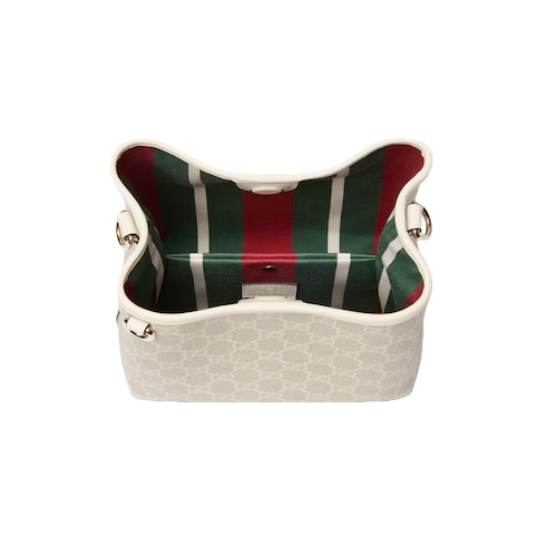 The new GG Emblem collection reinterprets the House’s history of elegance and craftsmanship. This bucket bag highlights functional design with an interior compartment.
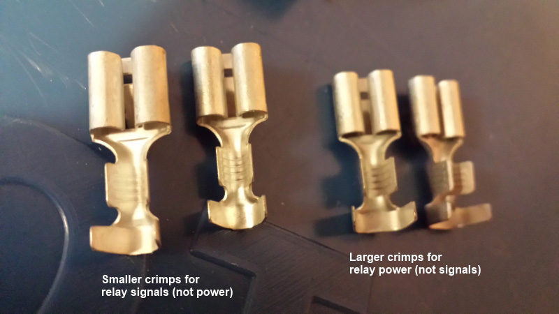 The first traumatic step is to tease out the yellow wire from our previously built harness that bridges the connectors between the ECU and the rear lighting and cut it mid-length. THIS ISN'T THE STOCK HARNESS, this is the custom harness described in the post "Turn signals become run/turn/stop plus brake light modulator"; don't cut the stock harness! The relay socket comes with a set of crimp-on quick-disconnects; the larger gauge crimps are for the +12V and ground connections and the smaller gauge crimps are for the relay coil connections. If you mix them up, in this case no one will ever know or care; it'll all still work and nothing will catch fire. They're both overkill.
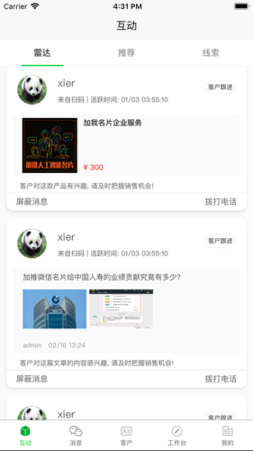 3. 管理在线:赋能:通过在线共享的知识库,文档库,话术库,营销视频库,宣传手册库,把公司的服务推广能力赋能给每一个销售。
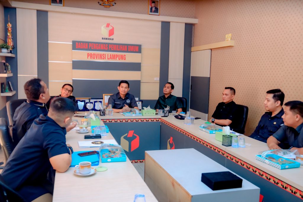 Bawaslu Provinsi Lampung menerima kunjungan dari Tim Dewan Kehormatan Penyelenggara Pemilu (DKPP) pada Selasa (20/08). Kunjungan tersebut dipimpin oleh Tenaga Ahli DKPP RI, Colombus F. Manurung, dan didampingi oleh Staf DKPP RI, Ilham Akbar Wahidi. Kehadiran mereka disambut langsung oleh Anggota Bawaslu Lampung, Gistiawan, Ahmad Qohar, dan Hamid Badrul Munir serta Kepala Bagian Hukum, Humas, dan Data Informasi Bawaslu Lampung, Indra Darmawan, serta staf Sekretariat Bawaslu Lampun di Ruang Rapat Saibatin Bawaslu Lampung.
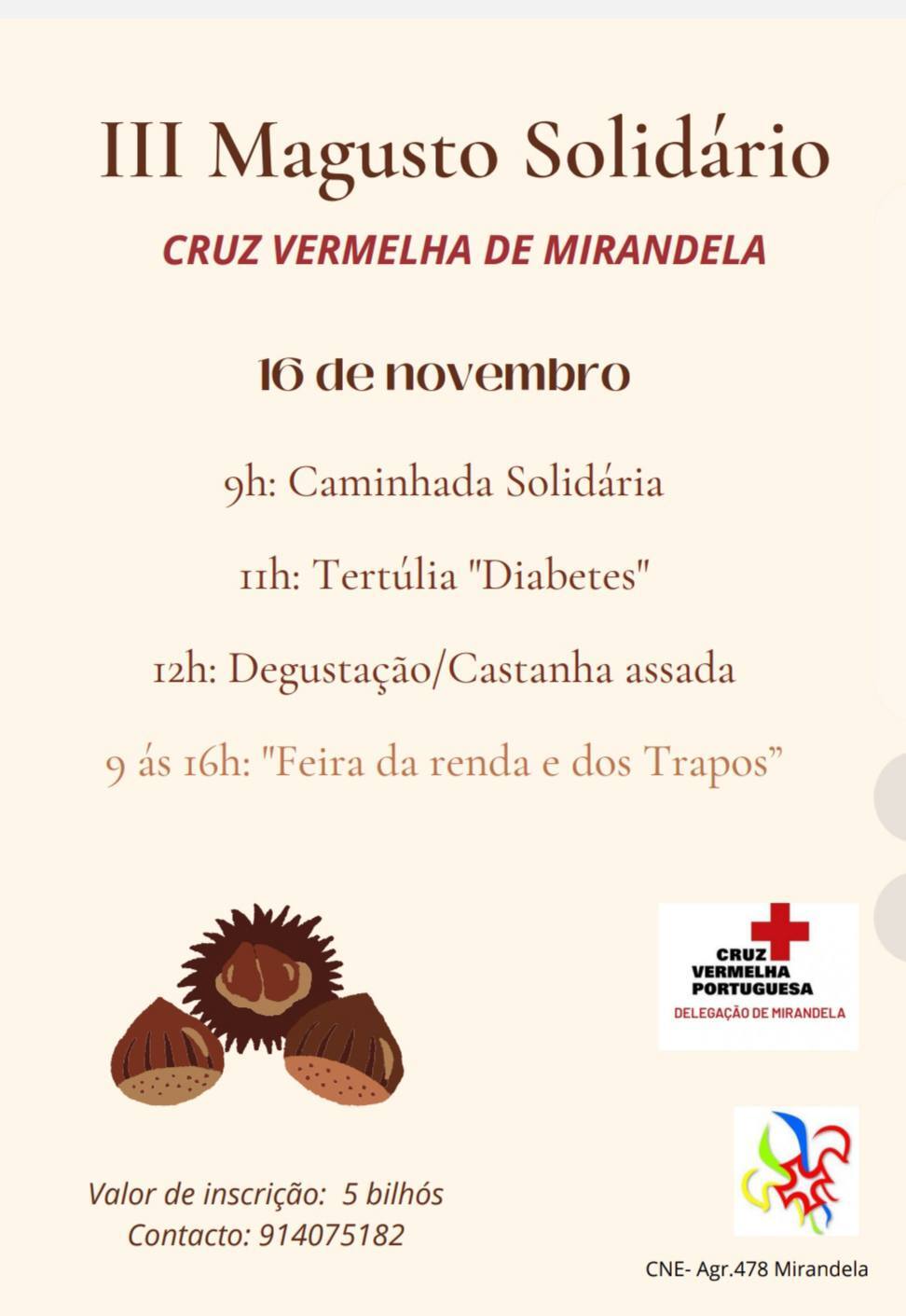 A Cruz Vermelha de Mirandela, em colaboração com o CNE-Agr. 478, convida a comunidade a participar no III Magusto Solidário.
◆ ◆ ◆ ◆ ◆
● **EXERCISE**: Print every line of the material above exactly as it reads, skipping the pictures.

● **WRITTEN RESPONSE**:
 The new GG Emblem collection reinterprets the House’s history of elegance and craftsmanship. This bucket bag highlights functional design with an interior compartment.
 The first traumatic step is to tease out the yellow wire from our previously built harness that bridges the connectors between the ECU and the rear lighting and cut it mid-length. THIS ISN'T THE STOCK HARNESS, this is the custom harness described in the post "Turn signals become run/turn/stop plus brake light modulator"; don't cut the stock harness! The relay socket comes with a set of crimp-on quick-disconnects; the larger gauge crimps are for the +12V and ground connections and the smaller gauge crimps are for the relay coil connections. If you mix them up, in this case no one will ever know or care; it'll all still work and nothing will catch fire. They're both overkill.
 3. 管理在线:赋能:通过在线共享的知识库,文档库,话术库,营销视频库,宣传手册库,把公司的服务推广能力赋能给每一个销售。
 Bawaslu Provinsi Lampung menerima kunjungan dari Tim Dewan Kehormatan Penyelenggara Pemilu (DKPP) pada Selasa (20/08). Kunjungan tersebut dipimpin oleh Tenaga Ahli DKPP RI, Colombus F. Manurung, dan didampingi oleh Staf DKPP RI, Ilham Akbar Wahidi. Kehadiran mereka disambut langsung oleh Anggota Bawaslu Lampung, Gistiawan, Ahmad Qohar, dan Hamid Badrul Munir serta Kepala Bagian Hukum, Humas, dan Data Informasi Bawaslu Lampung, Indra Darmawan, serta staf Sekretariat Bawaslu Lampun di Ruang Rapat Saibatin Bawaslu Lampung.
 A Cruz Vermelha de Mirandela, em colaboração com o CNE-Agr. 478, convida a comunidade a participar no III Magusto Solidário.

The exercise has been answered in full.